- WHAT TO WORK ON: Everything below from the line with "- Aufwändige Gestaltung" through the line with "在国外,OpenAI 的 GPT-4o、Google" should be copied exactly, and nothing else; leave out the pictures.

- DATASET EXCERPTS:
________
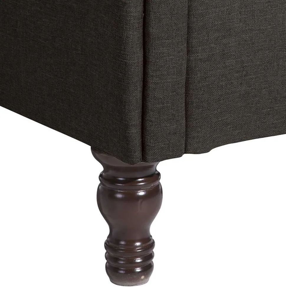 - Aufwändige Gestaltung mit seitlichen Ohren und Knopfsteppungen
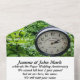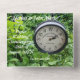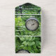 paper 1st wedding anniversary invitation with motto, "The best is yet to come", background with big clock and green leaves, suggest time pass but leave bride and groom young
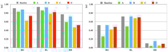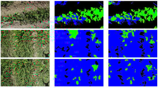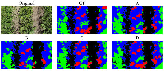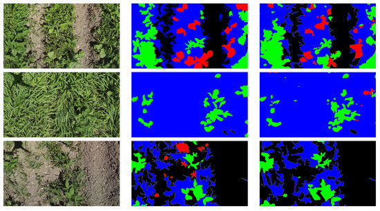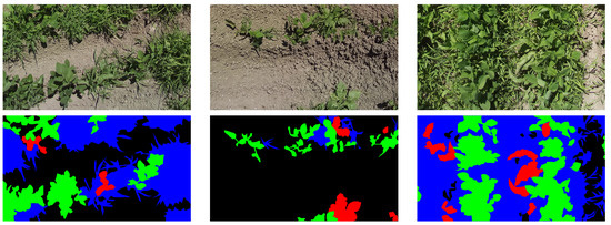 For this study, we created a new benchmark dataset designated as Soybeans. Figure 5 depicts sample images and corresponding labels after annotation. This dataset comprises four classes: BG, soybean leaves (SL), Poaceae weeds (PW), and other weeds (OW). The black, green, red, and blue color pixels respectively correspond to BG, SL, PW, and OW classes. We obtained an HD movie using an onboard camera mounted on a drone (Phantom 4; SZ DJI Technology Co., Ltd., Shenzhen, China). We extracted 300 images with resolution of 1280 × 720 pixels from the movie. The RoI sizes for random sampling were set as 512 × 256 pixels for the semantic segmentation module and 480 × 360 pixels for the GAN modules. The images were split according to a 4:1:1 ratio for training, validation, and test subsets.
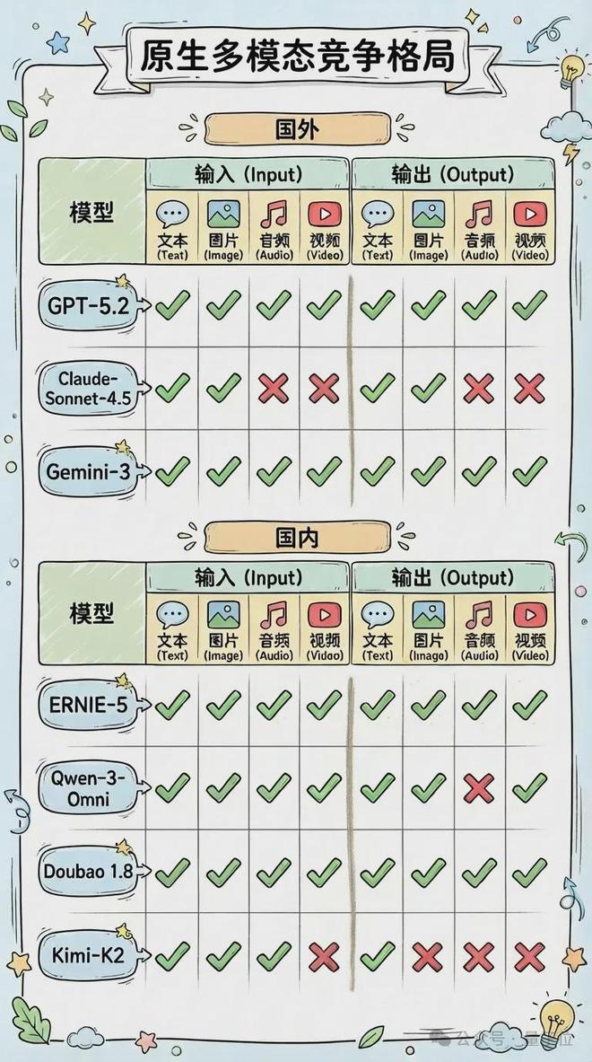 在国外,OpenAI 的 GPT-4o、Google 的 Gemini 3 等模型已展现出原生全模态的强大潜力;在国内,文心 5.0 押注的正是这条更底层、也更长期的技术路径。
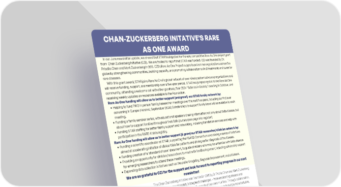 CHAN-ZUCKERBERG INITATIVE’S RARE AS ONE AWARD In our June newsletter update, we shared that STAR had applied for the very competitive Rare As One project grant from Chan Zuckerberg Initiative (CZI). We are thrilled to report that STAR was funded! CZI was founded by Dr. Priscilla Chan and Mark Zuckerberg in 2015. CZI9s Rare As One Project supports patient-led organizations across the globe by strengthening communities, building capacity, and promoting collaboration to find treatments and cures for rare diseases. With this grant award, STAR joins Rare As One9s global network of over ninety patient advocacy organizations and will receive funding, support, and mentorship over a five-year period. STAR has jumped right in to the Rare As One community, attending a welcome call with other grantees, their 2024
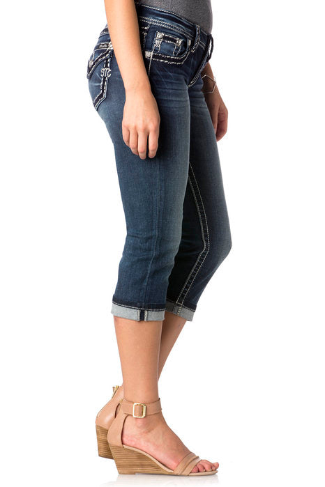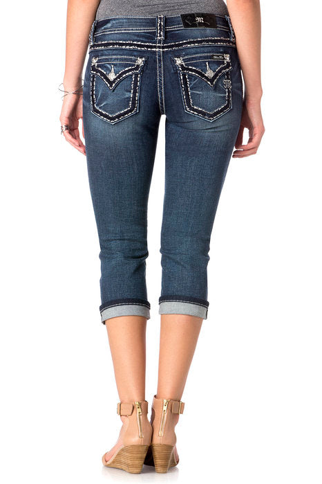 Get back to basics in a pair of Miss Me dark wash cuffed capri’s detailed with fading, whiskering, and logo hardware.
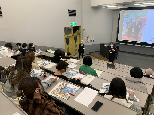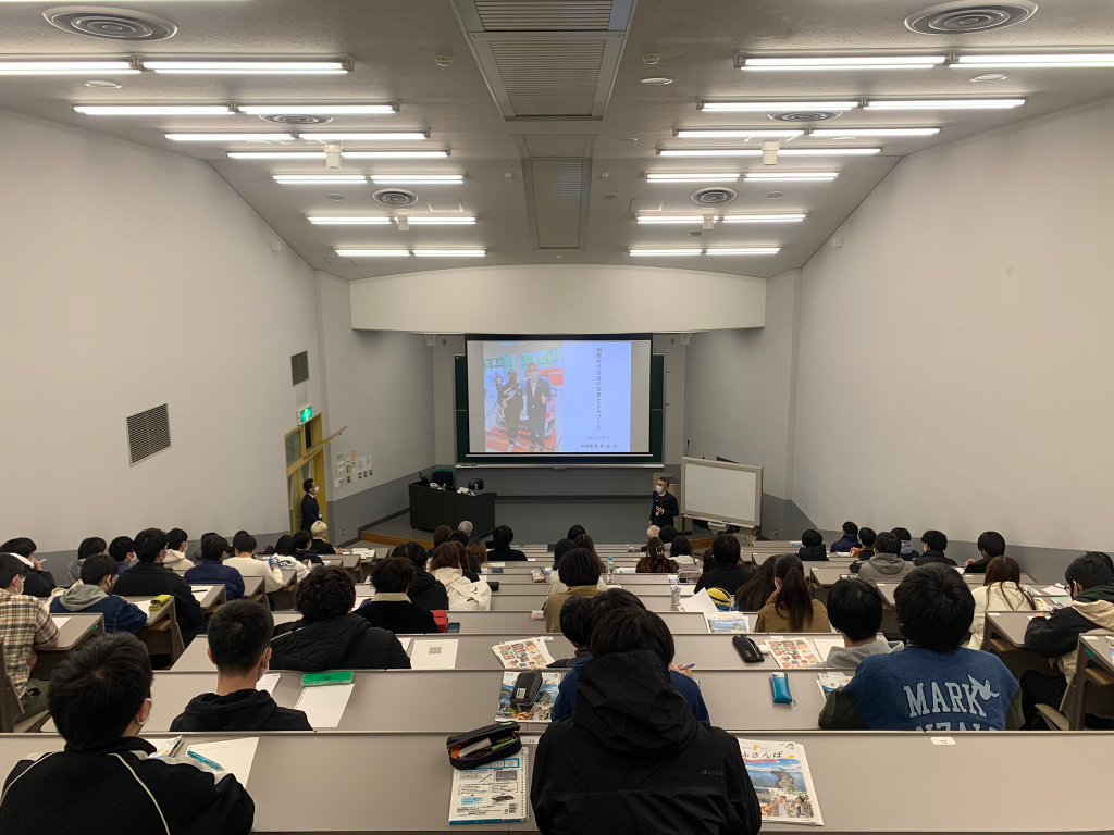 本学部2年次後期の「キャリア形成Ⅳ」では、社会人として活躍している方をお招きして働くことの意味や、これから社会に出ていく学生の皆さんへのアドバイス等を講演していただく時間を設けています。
________
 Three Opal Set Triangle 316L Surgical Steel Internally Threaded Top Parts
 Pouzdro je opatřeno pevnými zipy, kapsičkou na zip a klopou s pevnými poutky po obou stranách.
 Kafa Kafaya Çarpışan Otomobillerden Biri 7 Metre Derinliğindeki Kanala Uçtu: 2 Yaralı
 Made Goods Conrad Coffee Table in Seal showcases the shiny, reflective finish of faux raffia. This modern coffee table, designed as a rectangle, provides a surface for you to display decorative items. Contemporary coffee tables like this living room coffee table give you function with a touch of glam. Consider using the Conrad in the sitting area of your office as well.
________
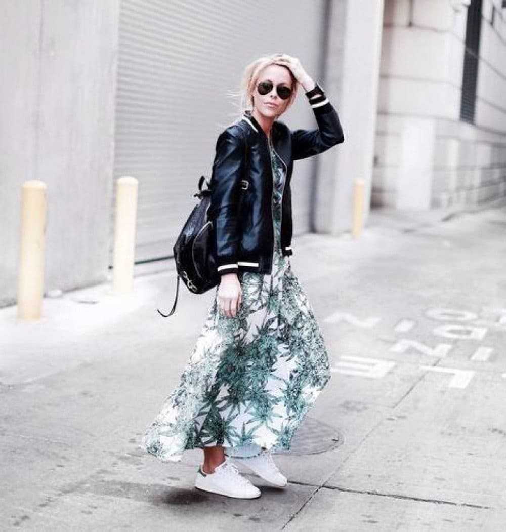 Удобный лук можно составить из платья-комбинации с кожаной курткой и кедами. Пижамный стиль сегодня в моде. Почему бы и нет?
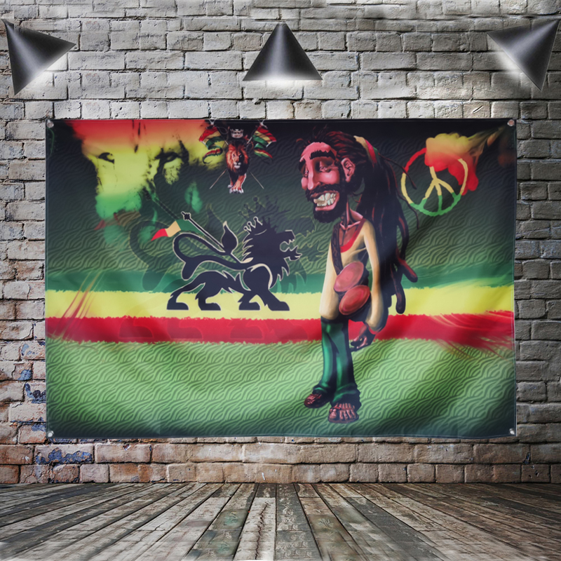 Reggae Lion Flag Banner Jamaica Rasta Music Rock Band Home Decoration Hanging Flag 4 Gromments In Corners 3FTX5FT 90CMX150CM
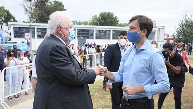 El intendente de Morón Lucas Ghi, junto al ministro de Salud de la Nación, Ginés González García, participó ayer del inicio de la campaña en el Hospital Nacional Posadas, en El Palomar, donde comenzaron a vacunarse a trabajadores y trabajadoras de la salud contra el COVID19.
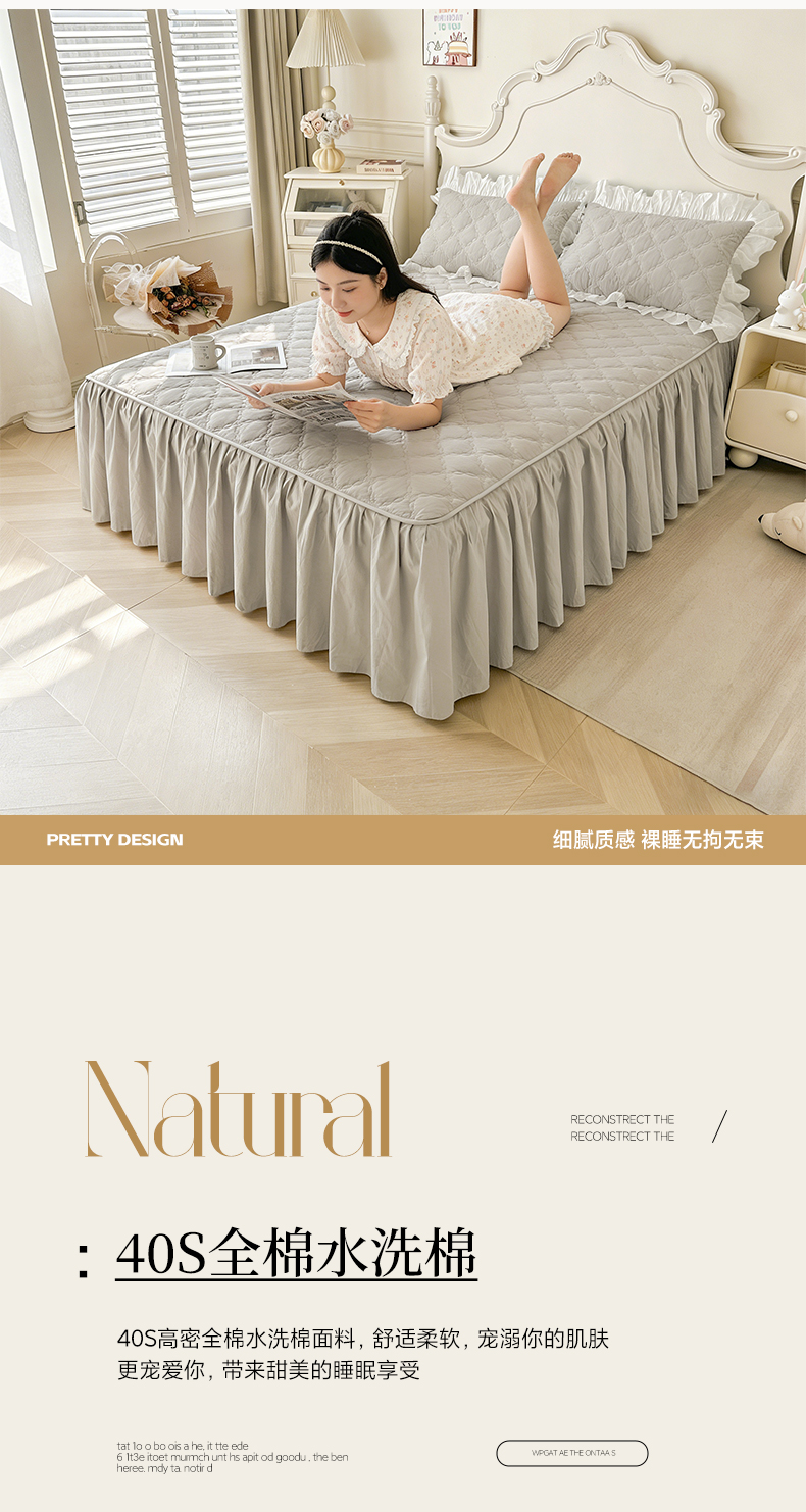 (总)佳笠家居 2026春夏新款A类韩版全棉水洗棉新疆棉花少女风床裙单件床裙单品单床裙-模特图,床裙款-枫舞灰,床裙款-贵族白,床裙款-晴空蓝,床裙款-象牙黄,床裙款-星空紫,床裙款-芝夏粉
________
- WRITTEN RESPONSE:
 - Aufwändige Gestaltung mit seitlichen Ohren und Knopfsteppungen
 paper 1st wedding anniversary invitation with motto, "The best is yet to come", background with big clock and green leaves, suggest time pass but leave bride and groom young
 For this study, we created a new benchmark dataset designated as Soybeans. Figure 5 depicts sample images and corresponding labels after annotation. This dataset comprises four classes: BG, soybean leaves (SL), Poaceae weeds (PW), and other weeds (OW). The black, green, red, and blue color pixels respectively correspond to BG, SL, PW, and OW classes. We obtained an HD movie using an onboard camera mounted on a drone (Phantom 4; SZ DJI Technology Co., Ltd., Shenzhen, China). We extracted 300 images with resolution of 1280 × 720 pixels from the movie. The RoI sizes for random sampling were set as 512 × 256 pixels for the semantic segmentation module and 480 × 360 pixels for the GAN modules. The images were split according to a 4:1:1 ratio for training, validation, and test subsets.
 在国外,OpenAI 的 GPT-4o、Google 的 Gemini 3 等模型已展现出原生全模态的强大潜力;在国内,文心 5.0 押注的正是这条更底层、也更长期的技术路径。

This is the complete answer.